I was all set on the Classic, but I really like the look of this from Delonghi.

http://www.johnlewis.com/231245550/Product.aspx?SearchTerm=ec820b#1

I did a search on here and read a remark suggesting to stay away from DeLonghi.

Any ideas why the DeLonghi machines have a bad reputation on here?

I toyed with the idea of a refubed Gaggia Classic, but in the end I think i've decided on buying new.

The Delonghi would save £35 over the Classic, but if the Classic is definately a better machine then without a doubt i'll spend the extra.
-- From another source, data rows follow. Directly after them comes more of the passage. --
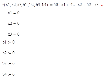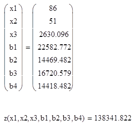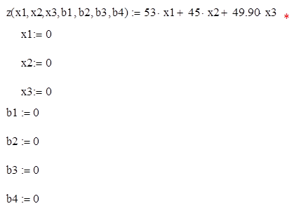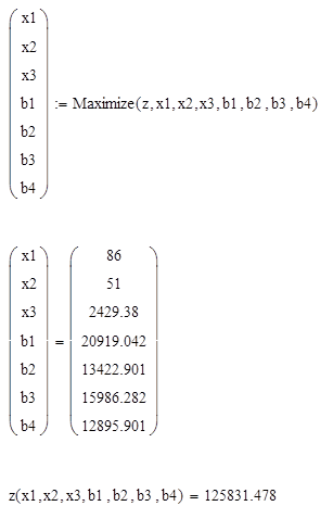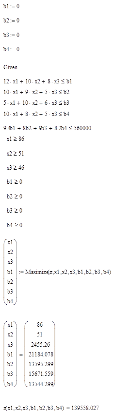 Нахождение оптимального плана производства в первый год осуществляется с помощью прикладной программы MathCad.
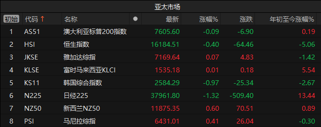 上证报中国证券网讯 Choice数据显示,4月17日,亚太主要股市收盘涨跌互现。澳大利亚标普200指数收跌0.09%,报7605.6点,连续5个交易日下跌;韩国综合指数收跌0.97%,股指配资实盘利息多少报2584.29点,连续4个交易日下跌;日经225指数收盘下跌1.32%,报37961.8点;新西兰NZ50指数上涨0.6%,报11875.35点,终结四连跌。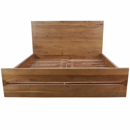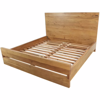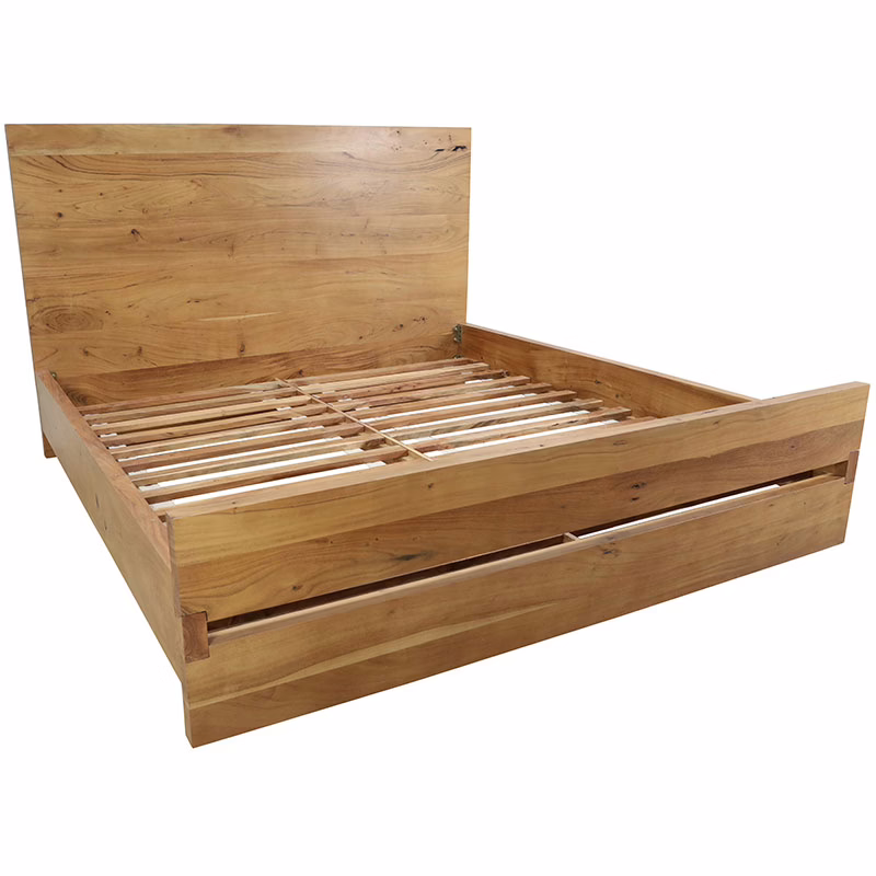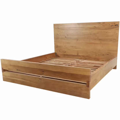 The Calgary King Bed manifests the unscripted artistry of solid wood. Featuring a formidable solid wood frame, this bed embraces essential design, conveying uncompromised quality and timeless form. The Calgary’s warm brown finish amplifies the wood’s natural grain, each fiber appearing eternally bathed in golden light. With its sleek, low-profile frame, the Calgary perfects a sanctuary of undisturbed repose.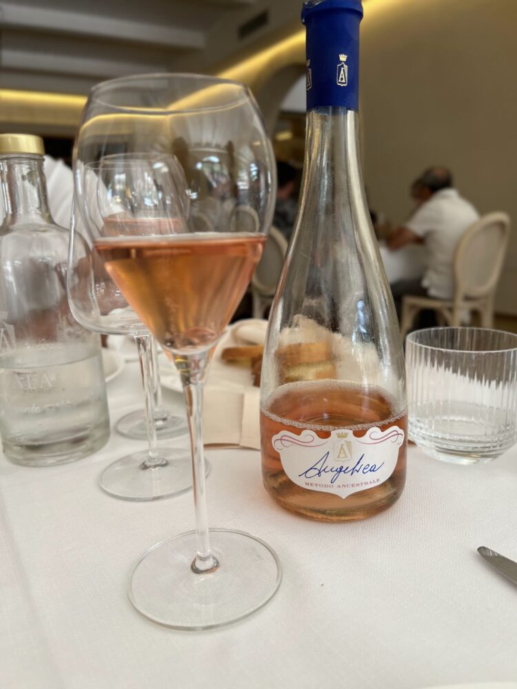 Quest’anno Angelica, mi presenta, la loro ultima creatura, un vino inedito che nasce per arricchire la loro cantina, un vino fresco, autentico, allegro, prodotto con metodo ancestrale che preserva tutte le caratteristiche naturali del vino, completamente naturale senza solfiti né zuccheri aggiunti, “un vino che spiazza perché capriccioso e frizzante come me”, mi confida, sorridendo. Con una spuma soffice e lieve, si presenta con un bouquet che ricorda il lampone, sfumature di agrumi e tipici sentori di crosta di pane, al palato ha un attacco esuberante e vivace, un vino molto versatile, ideale come aperitivo.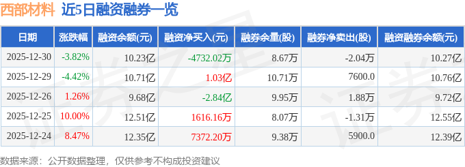 证券之星消息,截至2025年12月30日收盘,西部材料(002149)报收于43.0元,下跌3.82%,换手率23.53%,成交量114.86万手,成交额51.17亿元。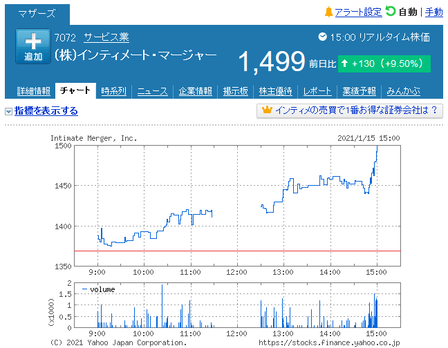 このことが原因だったかどうかは分かりかねますが、同社の株価は本日引けにかけてかなり上がりました。引け後に決算発表を予定している会社でこのような値動きしている会社はちらほら見かけます。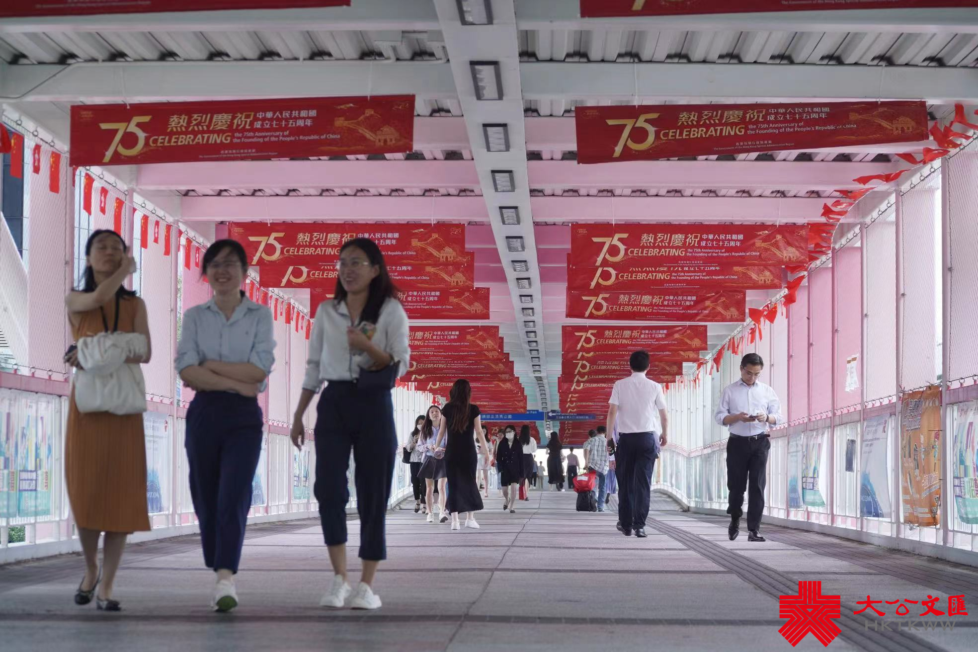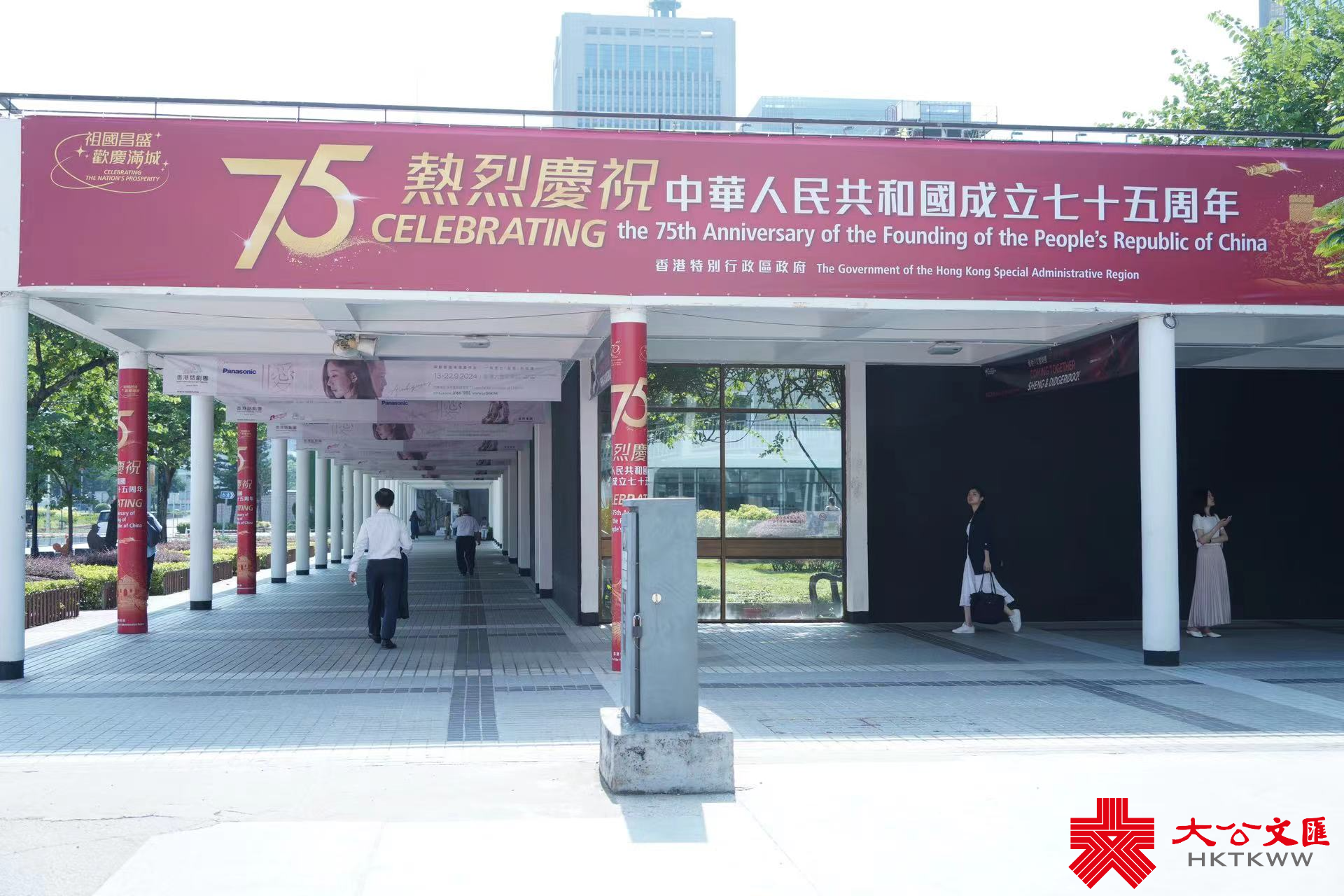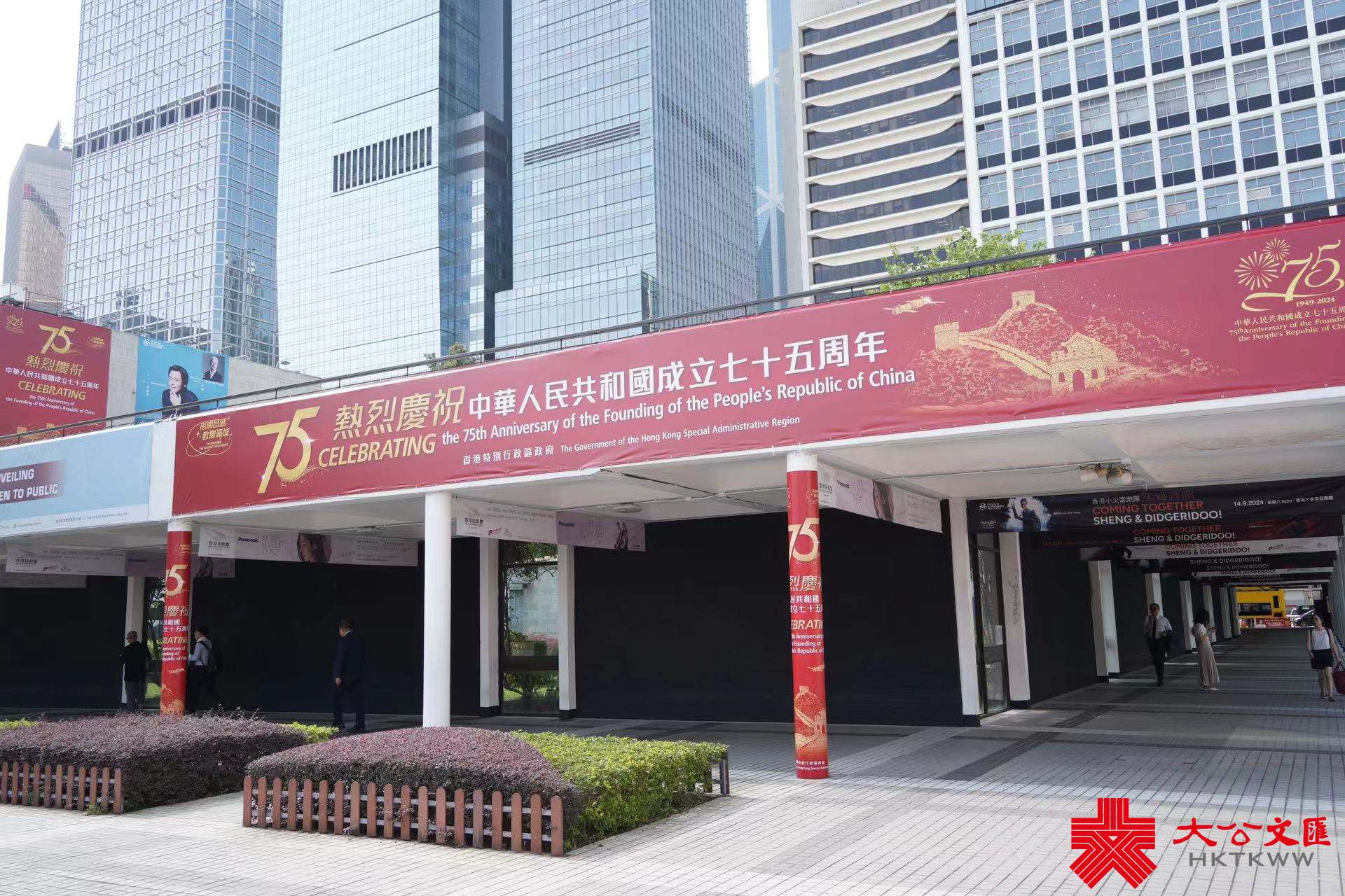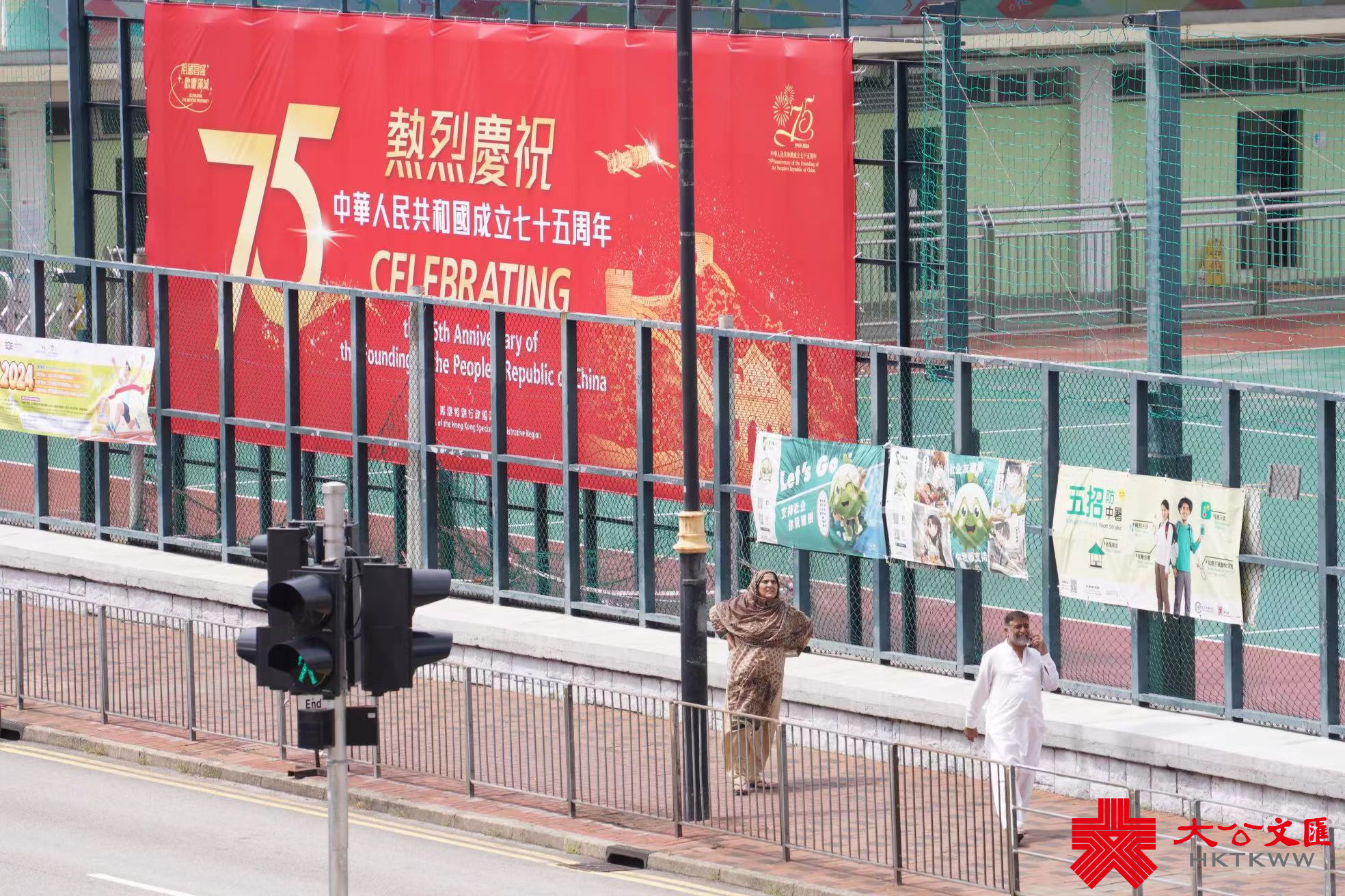 大公文匯全媒體報道,中秋、國慶佳節將至,今年也是中華人民共和國成立75年的喜慶日子。在「雙節」到來之際,香港各處都已布滿了慶賀的橫幅和裝飾,節日氣氛濃厚。

I can't seem to find a comparison online.

Thanks for your help.


----------



## tribs (Feb 21, 2012)

The Classic may not be the most modern looking machine, but it is built like a tank and its internals are relatively simple and certainly of a proven design.

The Delonghi looks like an ABS plastic case, the Classic is Brushed Stainless. Not to mention the classic has a solid 58mm portafilter and you can add a more professional Silvia steaming wand.

I've never used the Delonghi, but I'd bet the Classic is a more reliable machine if not capable of better drinks.


----------



## shinsplint (Oct 18, 2012)

Cheers tribs


----------



## redricks (Jul 8, 2012)

£35 more expensive are you sure http://www.ebay.co.uk/itm/gaggia-classic-coffee-machine-/150937996229?pt=Coffee_Machines_Makers&hash=item23249b0bc5 and if dont want that one there are a few hundered more on ebay for less than £180


----------



## chimpsinties (Jun 13, 2011)

The delonghi probably also has a pressurised portafilter & basket. Steer clear and go for the Classic imho


----------



## shinsplint (Oct 18, 2012)

Cheers guys, ended up buying a Classic on Amazon Warehouse (suggested in the Gaggia forum here). Hopefully it will be as new.


----------